#### What the task requires
Begin the copy at the line containing "워커힐의 ESG경영은 크게" in the data below and end it at the line containing "Secretary-General António Guterres", keeping each line exact and leaving out pictures.

▽

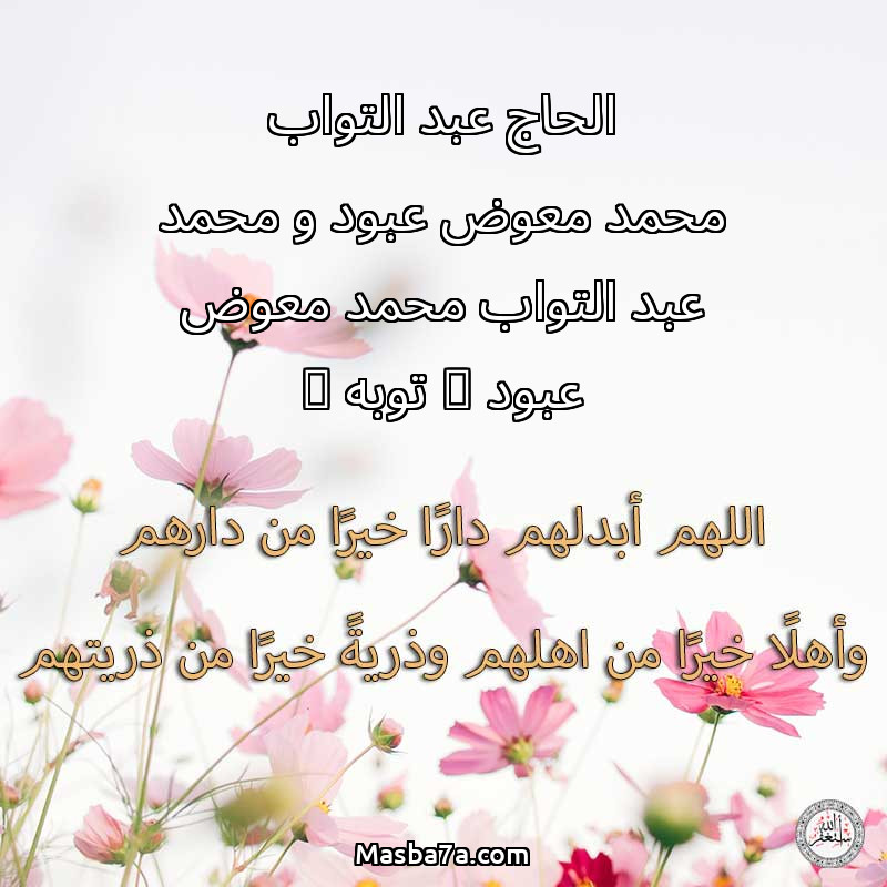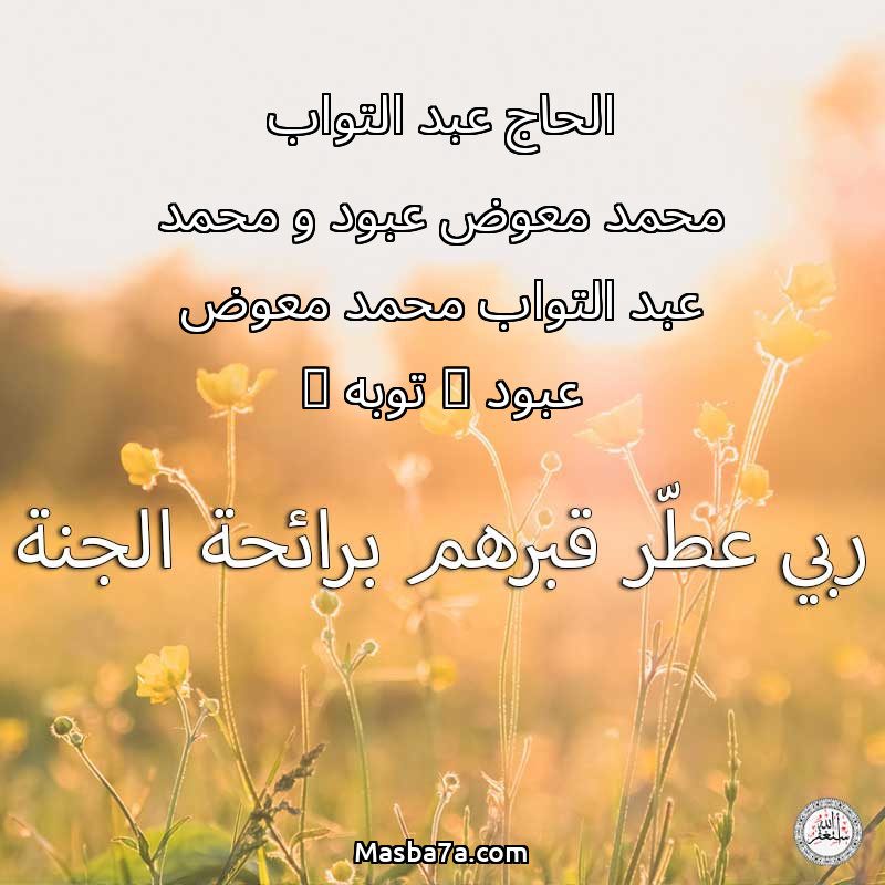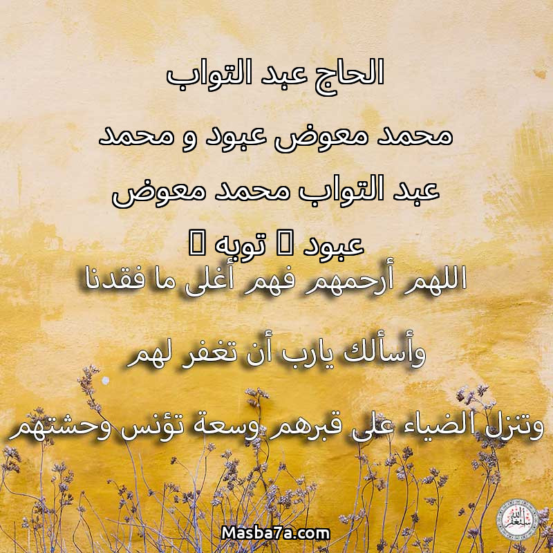 اللهم ارحم ( الحاج عبد التواب محمد معوض عبود و محمد عبد التواب محمد معوض عبود " توبه " ) وانس وحشتهم واجمعنا بهم في جنتك ، اللهم ارحمهم بقدر شوقنا لهم اللهم ارحمهم واغفر لهم.
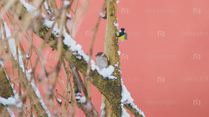 Птицы сидят на ветвях замерзшего дерева холодным зимним днем
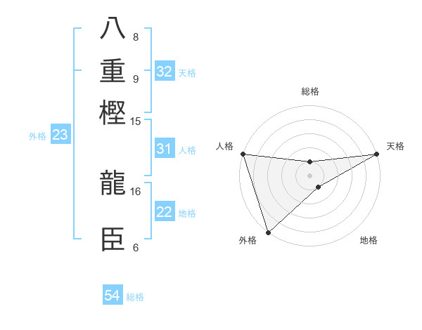 八重樫 龍臣さんを姓名の画数から五運を鑑定
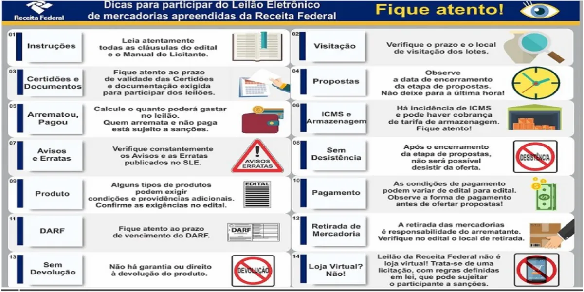 Importante destacar que o pagamento pelas mercadorias arrematadas em leilão é feito por meio de Documento de Arrecadação de Receitas Federais (Darf) e nunca mediante depósitos ou transferências para contas de terceiros.
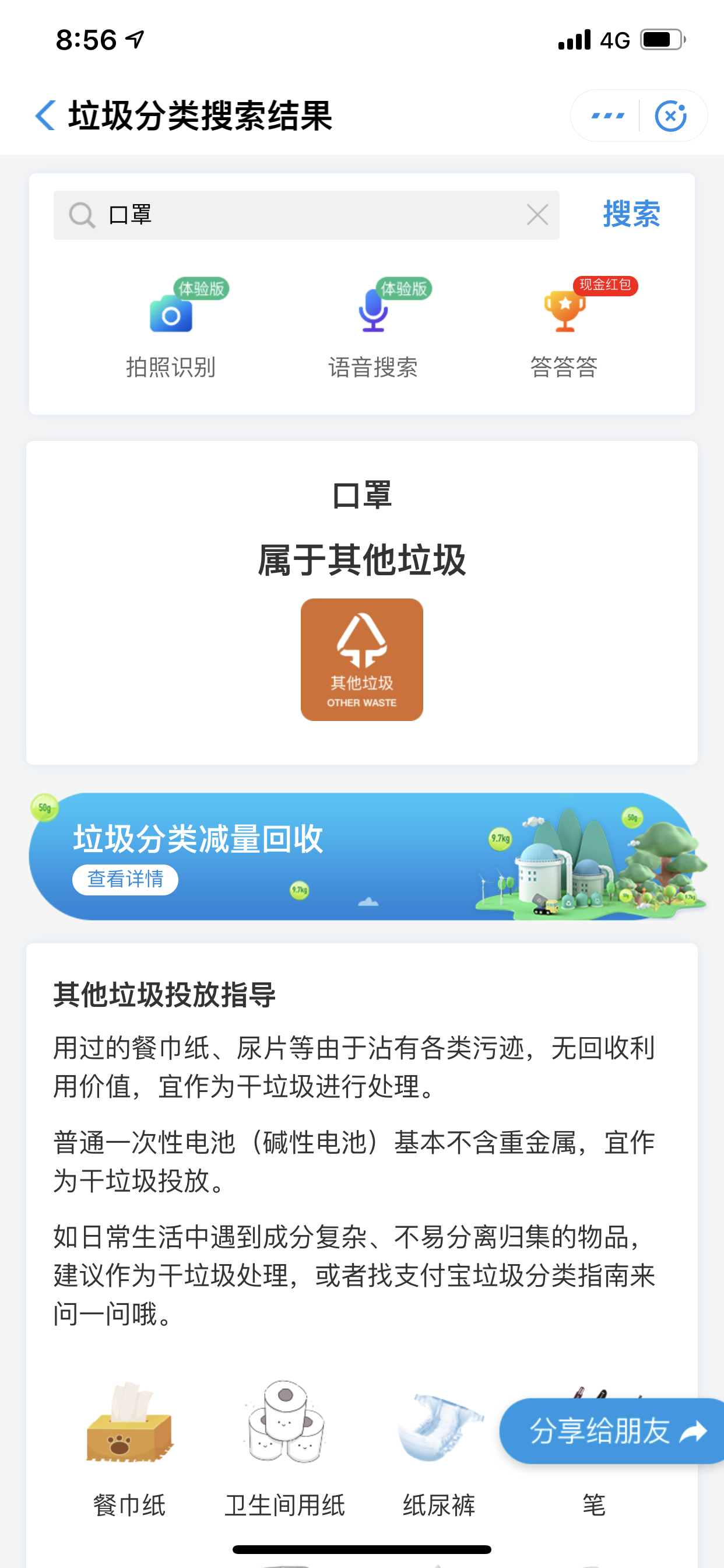 支付宝“垃圾分类指南”,将口罩定义为“其他垃圾”
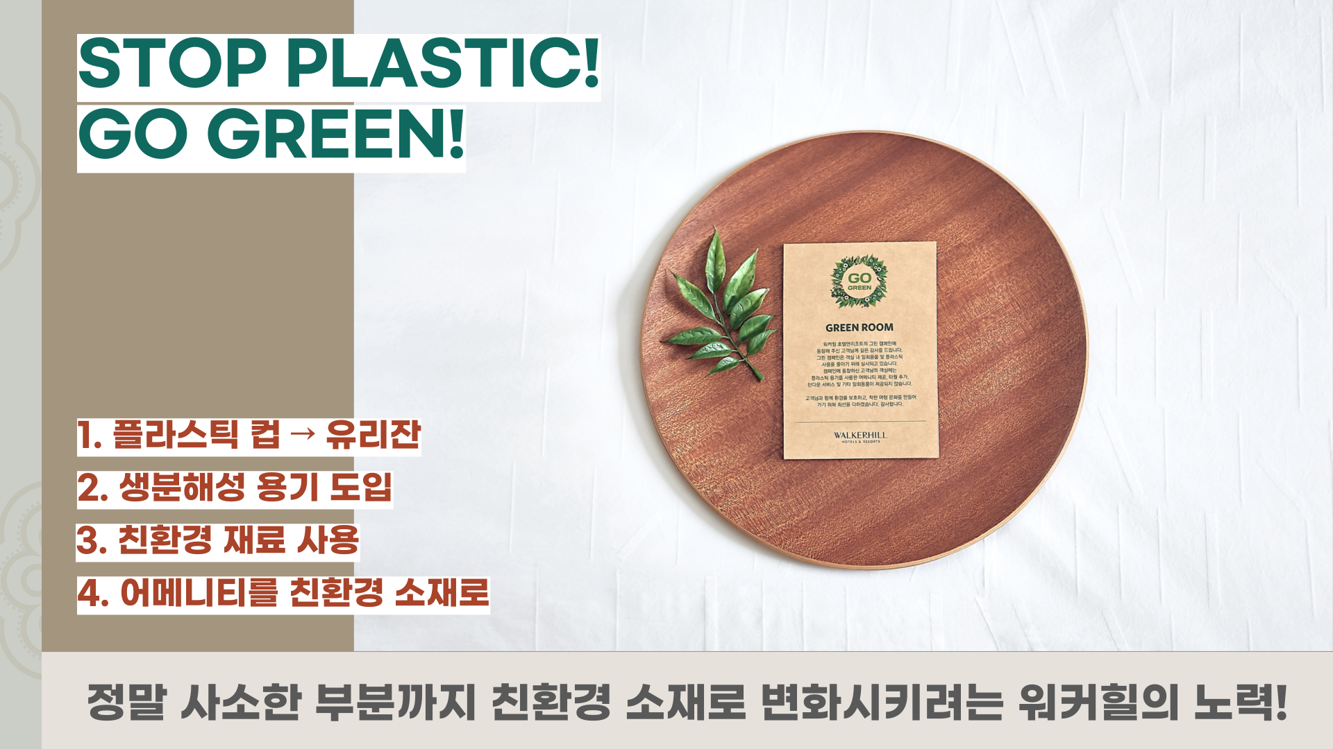워커힐의 ESG경영은 크게 두 가지 측면으로 나누어볼 수 있을 것 같은데요. 먼저 플라스틱 폐기물을 줄이는 STOP 플라스틱, “GO GREEN” 캠페인입니다.
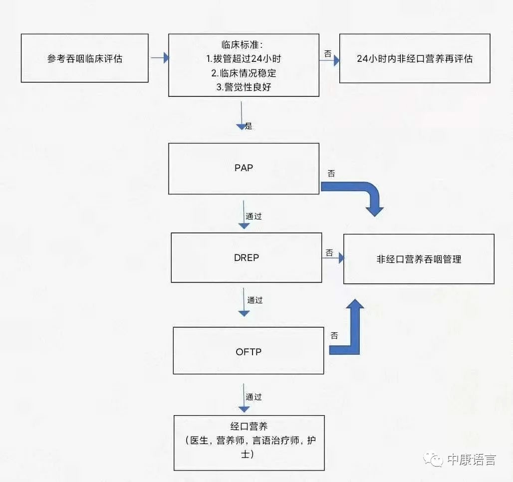 基于多学科团队的医疗记录和报告的参考和指导下完成了临床吞咽评估。如果患者警觉性良好且临床情况稳定,则在拔管后24小时进行全面评估。我们机构ICU的完整临床吞咽功能评估包括初步评估方案(PAP)、吞咽困难风险评估方案(DREP)和经口喂咽过渡方案(OFTP)。
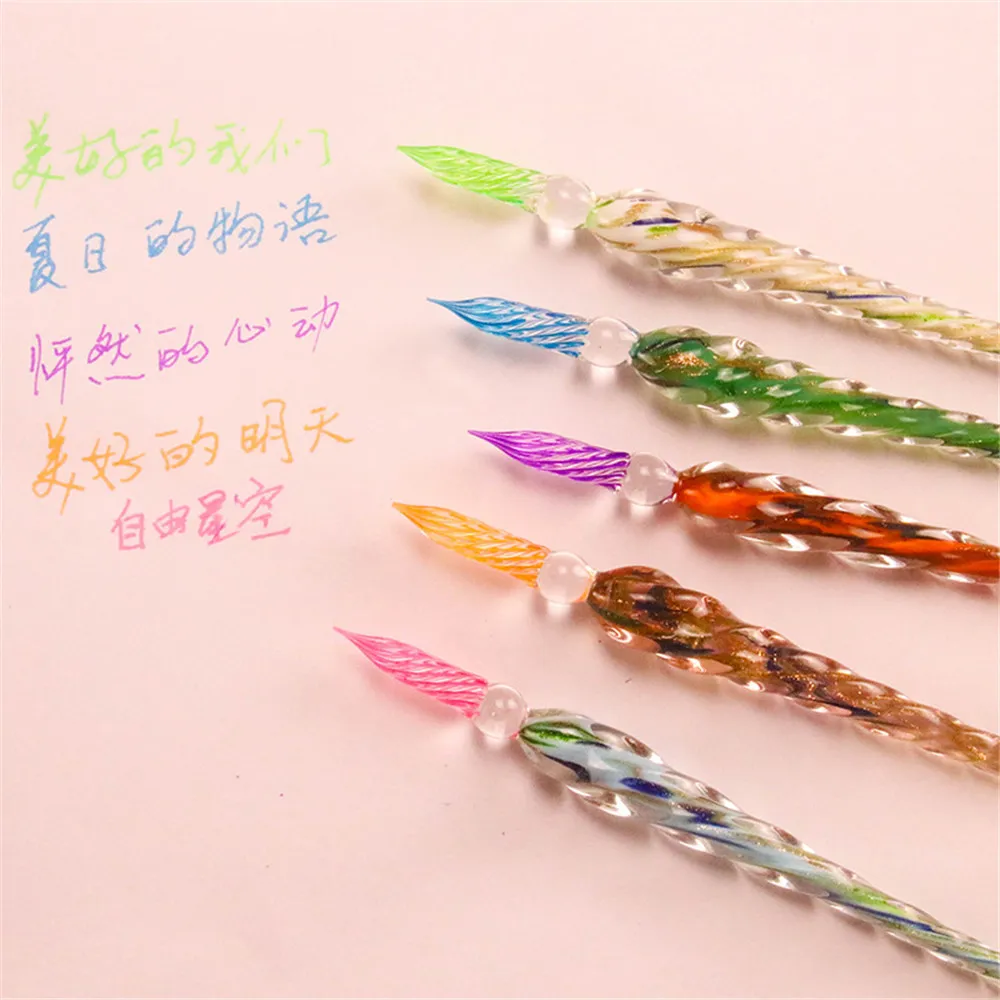 Ручка стеклянная перьевая ручка с цветочным 3D рисунком и чехлом для хранения
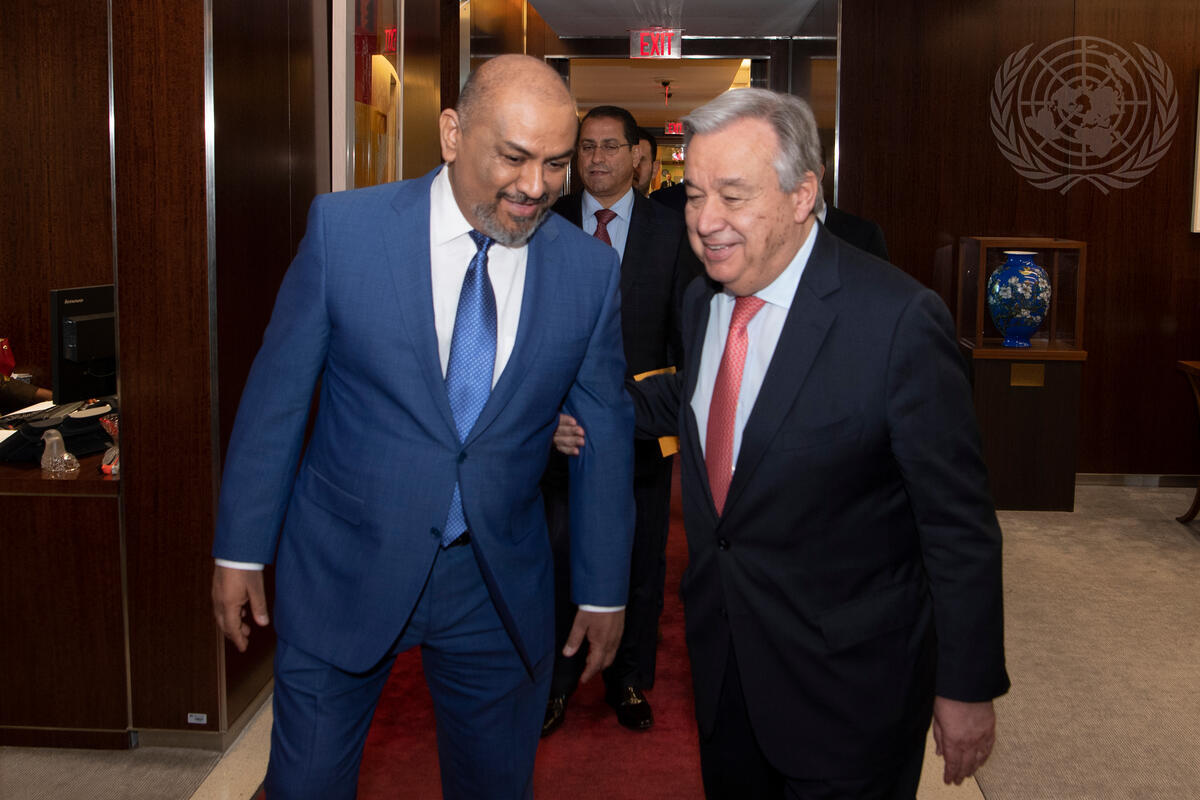 Secretary-General António Guterres (right) meets with Khaled Hussein Alyemany, Deputy Prime Minister and Minister for Foreign Affairs of the Republic of Yemen.
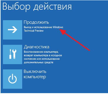 - После закрытия черного прямоугольника в блоке «Выбор действия» отмечаем «Продолжить».
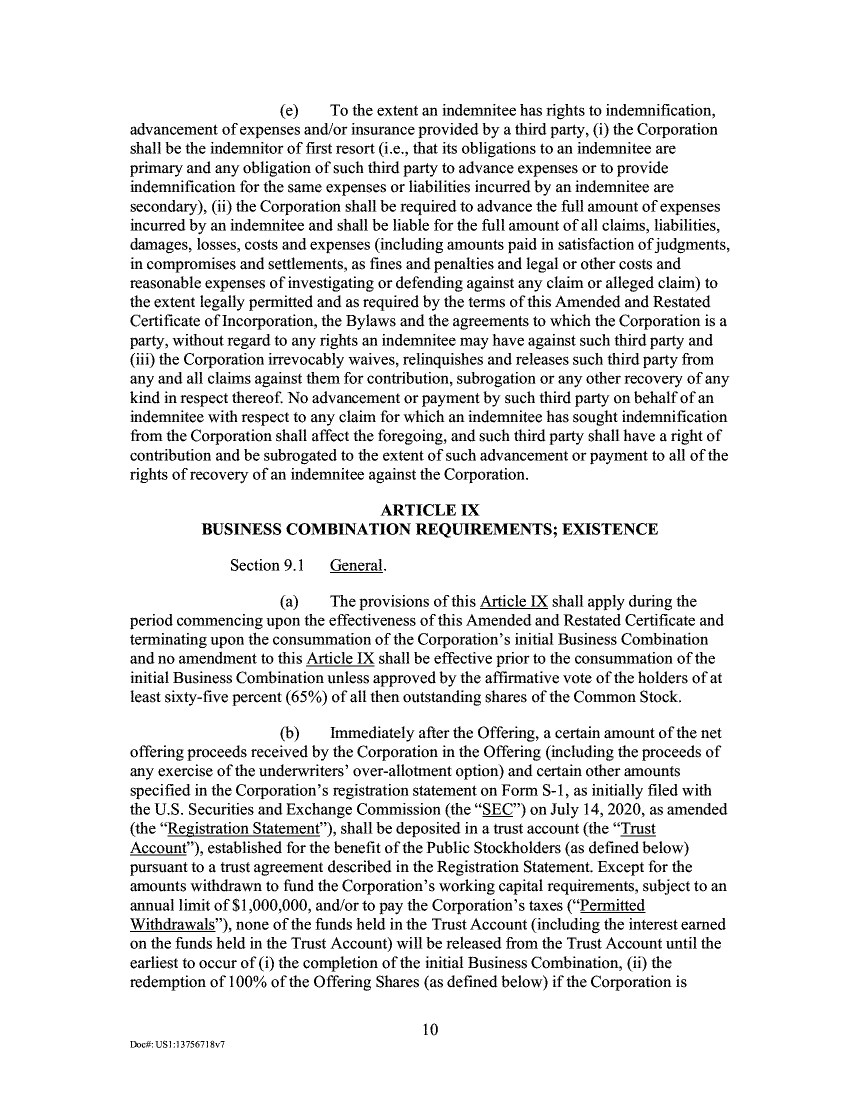 (e) To the extent an indemnitee has rights to indemnification, advancement of expenses and/or insurance provided by a third party, (i) the Corporation shall be the indemnitor of first resort (i.e., that its obligations to an indemnitee are primary and any obligation of such third party to advance expenses or to provide indemnification for the same expenses or liabilities incurred by an indemnitee are secondary), (ii) the Corporation shall be required to advance the full amount of expenses incurred by an indemnitee and shall be liable for the full amount of all claims, liabilities, damages, losses, costs and expenses (including amounts paid in satisfaction of judgments, in compromises and settlements, as fines and penalties and legal or other costs and reasonable expenses of investigating or defending against any claim or alleged claim) to the extent legally permitted and as required by the terms of this Amended and Restated Certificate of Incorporation, the Bylaws and the agreements to which the Corporation is a party, without regard to any rights an indemnitee may have against such third party and (iii) the Corporation irrevocably waives, relinquishes and releases such third party from any and all claims against them for contribution, subrogation or any other recovery of any kind in respect thereof. No advancement or payment by such third party on behalf of an indemnitee with respect to any claim for which an indemnitee has sought indemnification from the Corporation shall affect the foregoing, and such third party shall have a right of contribution and be subrogated to the extent of such advancement or payment to all of the rights of recovery of an indemnitee against the Corporation. ARTICLE IX BUSINESS COMBINATION REQUIREMENTS; EXISTENCE Section 9.1 General. The provisions of this Article IX shall apply during the period commencing upon the effectiveness of this Amended and Restated Certificate and terminating upon the consummation of the Corporation's initial Business Combination and no amendment to this Article IX shall be effective prior to the consummation of the initial Business Combination unless approved by the affirmative vote of the holders of at least sixty-five percent (65%) of all then outstanding shares of the Common Stock. Immediately after the Offering, a certain amount of the net offering proceeds received by the Corporation in the Offering (including the proceeds of any exercise of the underwriters' over-allotment option) and certain other amounts specified in the Corporation's registration statement on Form S-1, as initially filed with the U.S. Securities and Exchange Commission (the "SEC") on July 14, 2020, as amended (the "Registration Statement"), shall be deposited in a trust account (the "Trust Account"), established for the benefit of the Public Stockholders (as defined below) pursuant to a trust agreement described in the Registration Statement. Except for the amounts withdrawn to fund the Corporation's working capital requirements, subject to an annual limit of $1,000,000, and/or to pay the Corporation's taxes ("Permitted Withdrawals"), none of the funds held in the Trust Account (including the interest earned on the funds held in the Trust Account) will be released from the Trust Account until the earliest to occur of (i) the completion of the initial Business Combination, (ii) the redemption of 100% of the Offering Shares (as defined below) if the Corporation is 10 Doc,: USI:13756713v7

△

#### Exercise output
워커힐의 ESG경영은 크게 두 가지 측면으로 나누어볼 수 있을 것 같은데요. 먼저 플라스틱 폐기물을 줄이는 STOP 플라스틱, “GO GREEN” 캠페인입니다.
 基于多学科团队的医疗记录和报告的参考和指导下完成了临床吞咽评估。如果患者警觉性良好且临床情况稳定,则在拔管后24小时进行全面评估。我们机构ICU的完整临床吞咽功能评估包括初步评估方案(PAP)、吞咽困难风险评估方案(DREP)和经口喂咽过渡方案(OFTP)。
 Ручка стеклянная перьевая ручка с цветочным 3D рисунком и чехлом для хранения
 Secretary-General António Guterres (right) meets with Khaled Hussein Alyemany, Deputy Prime Minister and Minister for Foreign Affairs of the Republic of Yemen.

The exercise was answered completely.